* Required action *
For this task, output exactly the lines of the material below starting at the line with "house in a secluded, high-end" and ending at the line with "- Which instances"; pictures are to be excluded.

- Opening Delimiter -

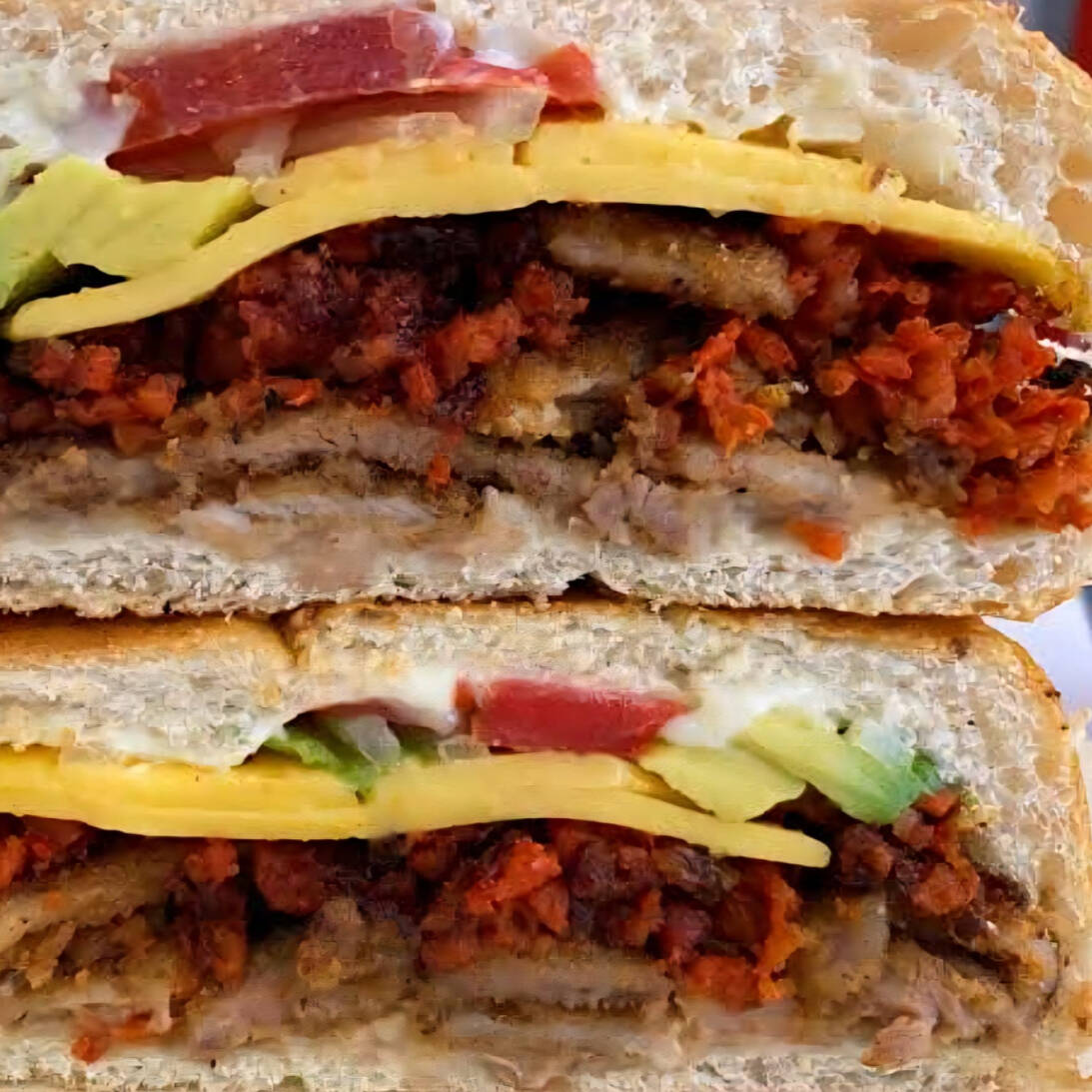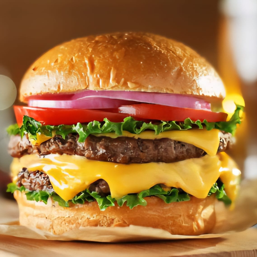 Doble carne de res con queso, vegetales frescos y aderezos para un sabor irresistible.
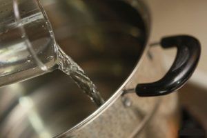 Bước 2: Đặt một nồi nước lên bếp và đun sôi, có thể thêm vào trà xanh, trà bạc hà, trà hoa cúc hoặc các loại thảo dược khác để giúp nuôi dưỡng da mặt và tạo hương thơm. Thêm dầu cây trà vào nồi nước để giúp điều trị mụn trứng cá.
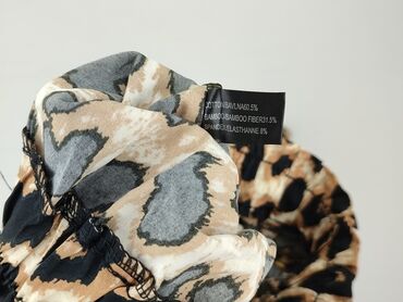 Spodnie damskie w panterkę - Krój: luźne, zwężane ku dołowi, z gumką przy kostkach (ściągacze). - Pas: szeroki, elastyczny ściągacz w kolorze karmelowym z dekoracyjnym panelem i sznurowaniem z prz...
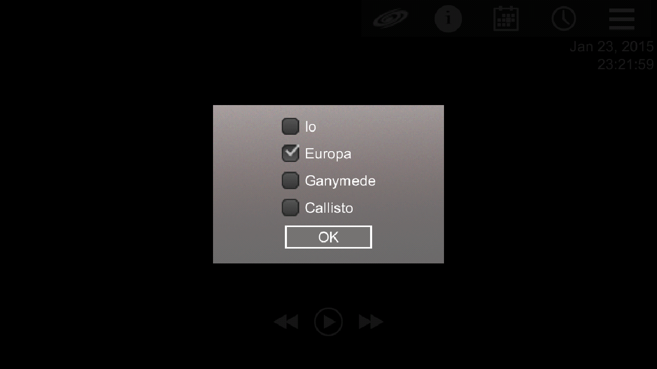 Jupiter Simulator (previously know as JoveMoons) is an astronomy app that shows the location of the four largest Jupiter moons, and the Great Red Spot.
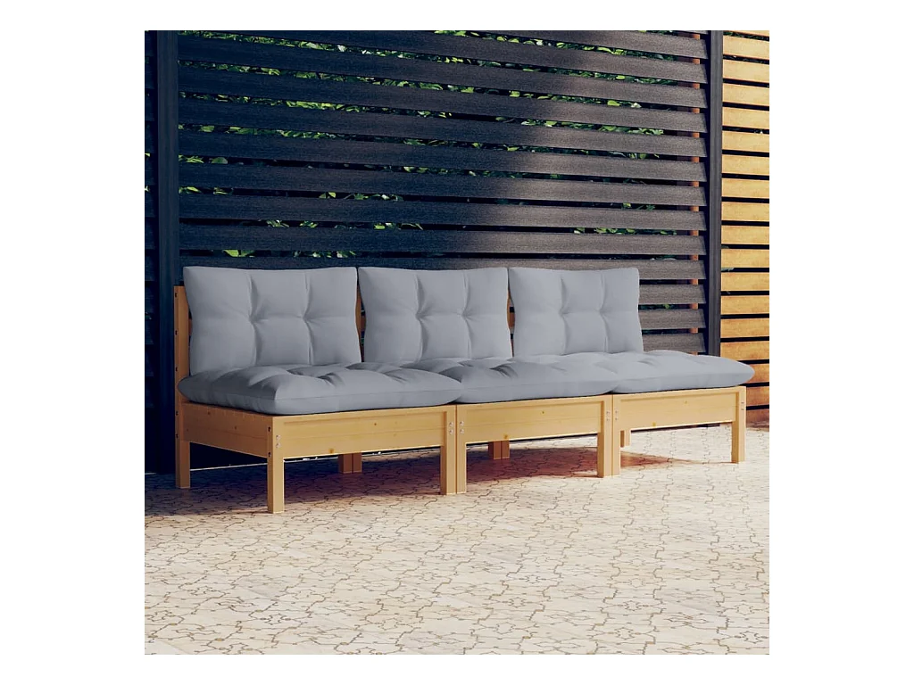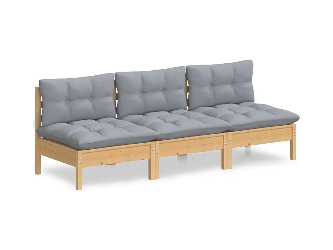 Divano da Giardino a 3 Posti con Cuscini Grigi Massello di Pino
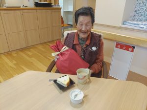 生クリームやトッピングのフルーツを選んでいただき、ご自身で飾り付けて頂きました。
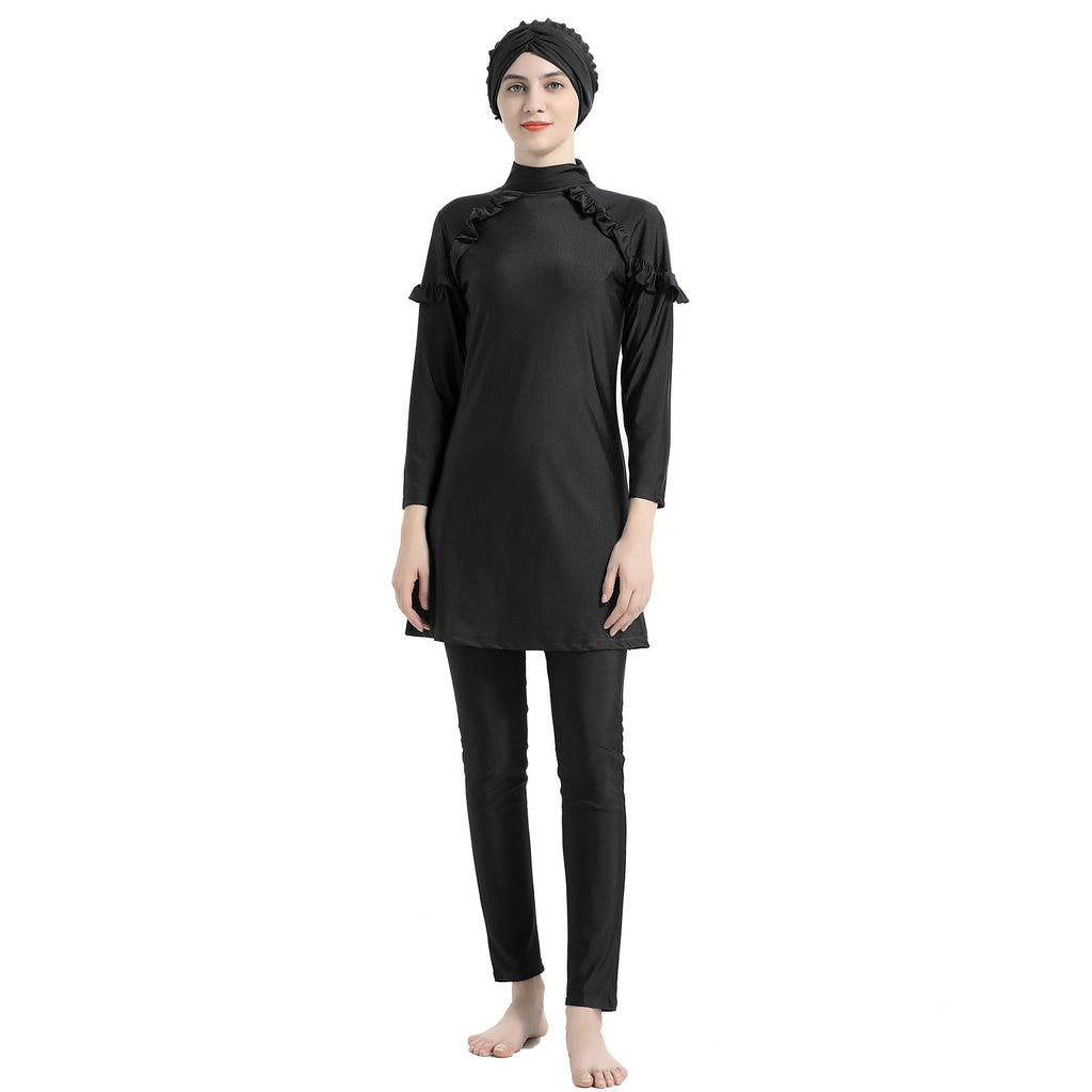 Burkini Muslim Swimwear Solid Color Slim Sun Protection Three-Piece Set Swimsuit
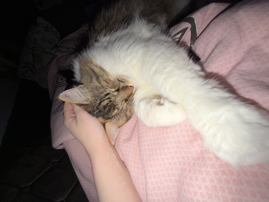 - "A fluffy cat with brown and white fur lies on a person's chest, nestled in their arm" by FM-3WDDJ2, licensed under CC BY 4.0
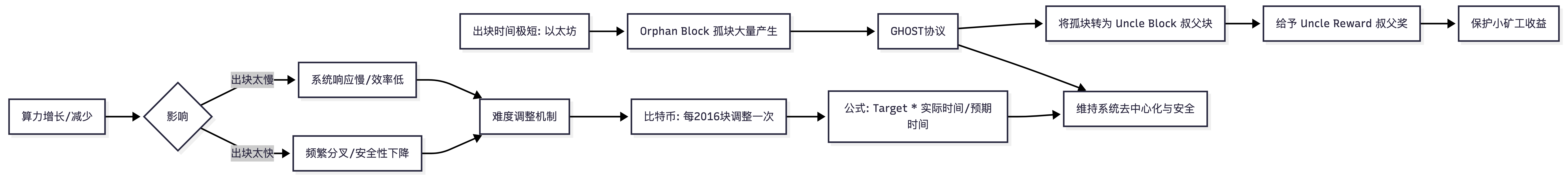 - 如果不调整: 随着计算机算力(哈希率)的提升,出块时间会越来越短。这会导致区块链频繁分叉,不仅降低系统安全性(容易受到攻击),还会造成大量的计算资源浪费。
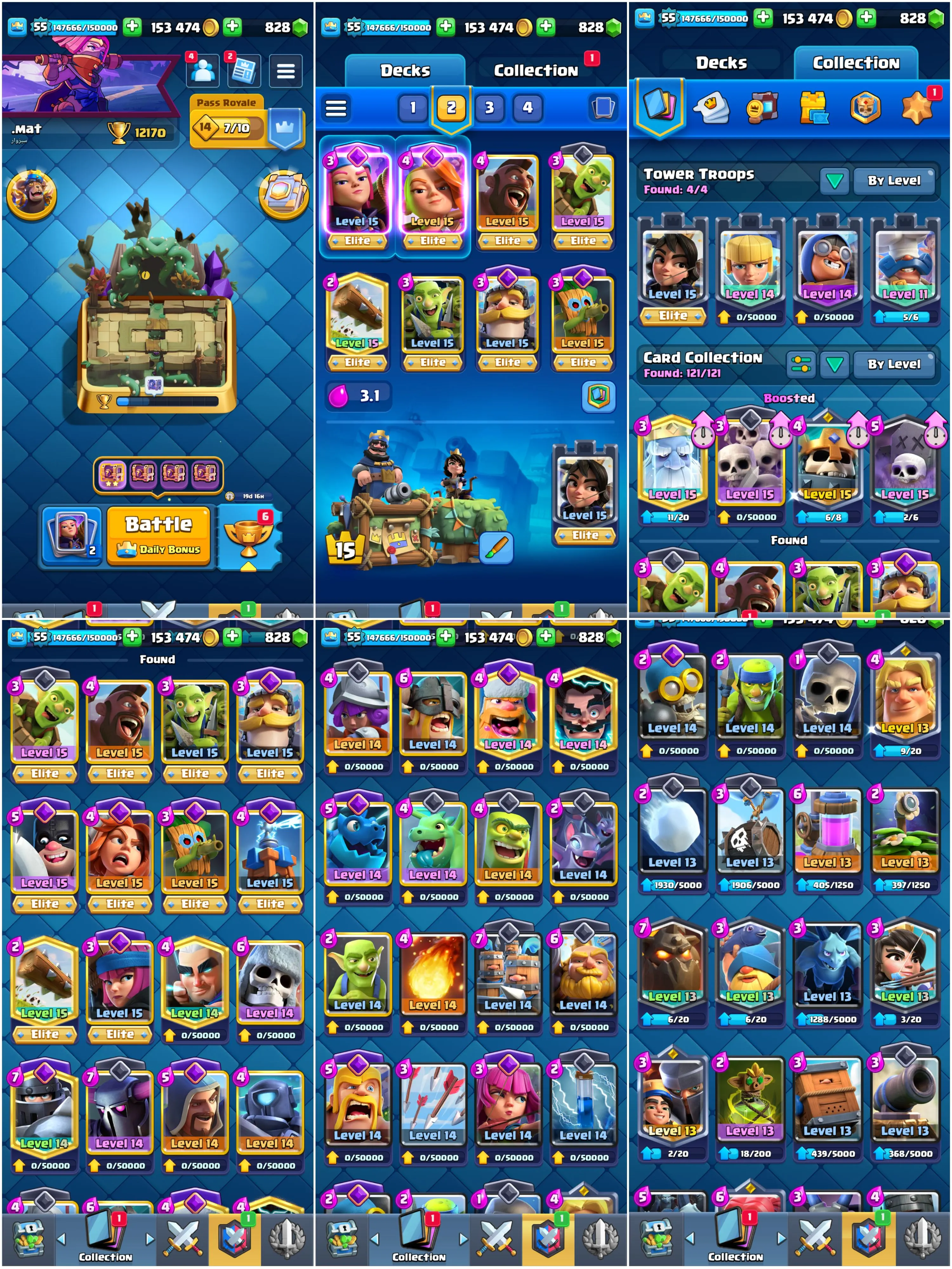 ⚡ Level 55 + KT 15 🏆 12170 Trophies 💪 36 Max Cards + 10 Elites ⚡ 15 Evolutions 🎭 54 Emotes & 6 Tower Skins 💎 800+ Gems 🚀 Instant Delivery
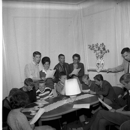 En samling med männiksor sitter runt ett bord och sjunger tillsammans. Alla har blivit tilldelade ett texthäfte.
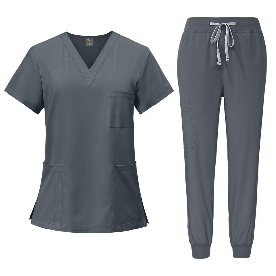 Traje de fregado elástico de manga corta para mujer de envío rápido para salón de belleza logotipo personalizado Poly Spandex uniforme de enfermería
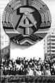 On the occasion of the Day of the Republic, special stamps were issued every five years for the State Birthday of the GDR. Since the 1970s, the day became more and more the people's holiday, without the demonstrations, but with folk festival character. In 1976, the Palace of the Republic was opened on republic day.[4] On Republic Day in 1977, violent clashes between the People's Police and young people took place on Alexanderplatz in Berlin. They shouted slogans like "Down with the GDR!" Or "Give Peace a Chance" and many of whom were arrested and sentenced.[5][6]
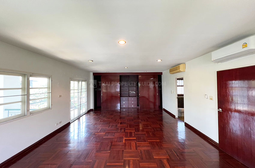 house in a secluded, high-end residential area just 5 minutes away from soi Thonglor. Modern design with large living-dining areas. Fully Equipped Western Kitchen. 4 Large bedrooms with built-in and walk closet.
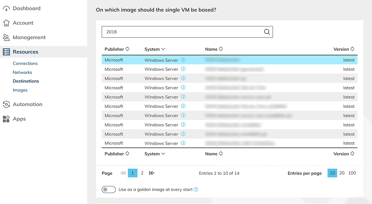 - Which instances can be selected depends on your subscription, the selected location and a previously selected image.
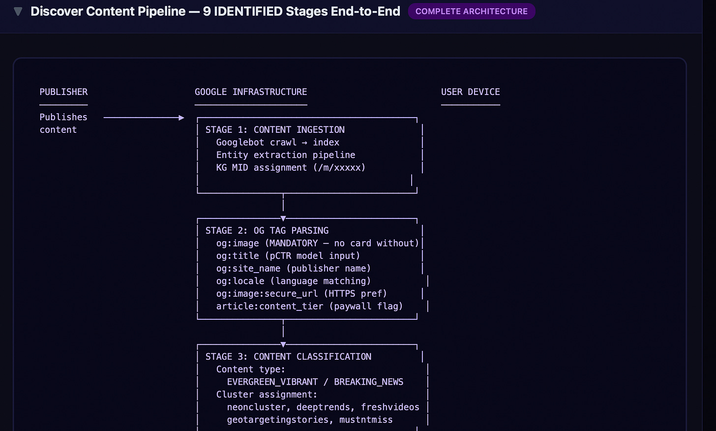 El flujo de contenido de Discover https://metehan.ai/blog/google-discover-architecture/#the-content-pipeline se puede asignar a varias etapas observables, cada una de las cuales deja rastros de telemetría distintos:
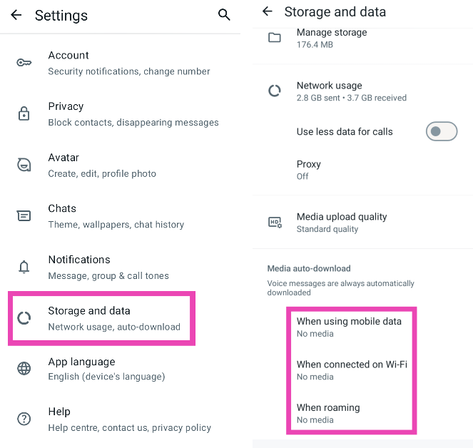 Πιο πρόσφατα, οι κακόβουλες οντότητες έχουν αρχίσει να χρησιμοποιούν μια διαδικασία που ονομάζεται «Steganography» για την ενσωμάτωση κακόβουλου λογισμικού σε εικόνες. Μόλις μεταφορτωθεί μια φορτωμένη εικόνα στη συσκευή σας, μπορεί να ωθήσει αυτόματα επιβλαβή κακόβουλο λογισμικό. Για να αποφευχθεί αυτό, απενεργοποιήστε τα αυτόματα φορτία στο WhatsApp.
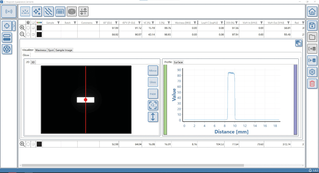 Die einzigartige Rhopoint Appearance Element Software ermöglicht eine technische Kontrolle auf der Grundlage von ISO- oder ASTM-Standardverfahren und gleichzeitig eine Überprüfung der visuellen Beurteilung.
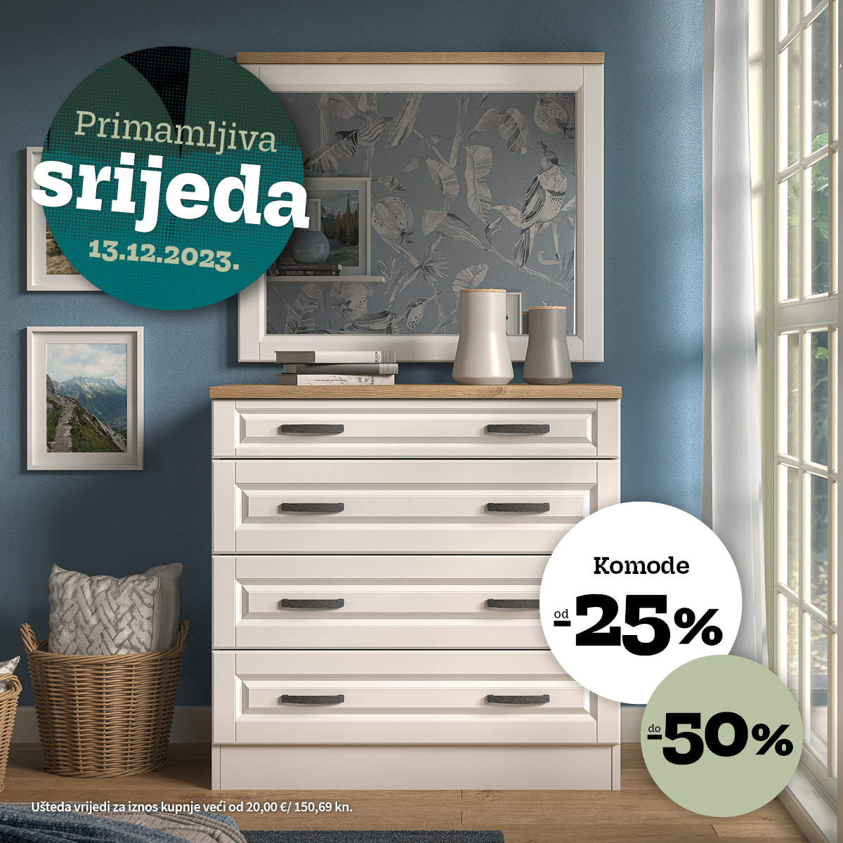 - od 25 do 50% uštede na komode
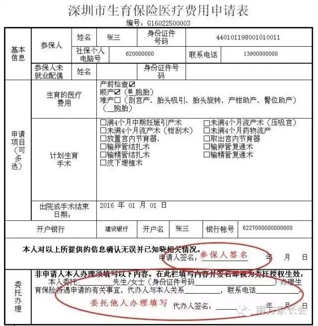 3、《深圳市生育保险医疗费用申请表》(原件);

- Closing Delimiter -

* Result of this task *
 house in a secluded, high-end residential area just 5 minutes away from soi Thonglor. Modern design with large living-dining areas. Fully Equipped Western Kitchen. 4 Large bedrooms with built-in and walk closet.
 - Which instances can be selected depends on your subscription, the selected location and a previously selected image.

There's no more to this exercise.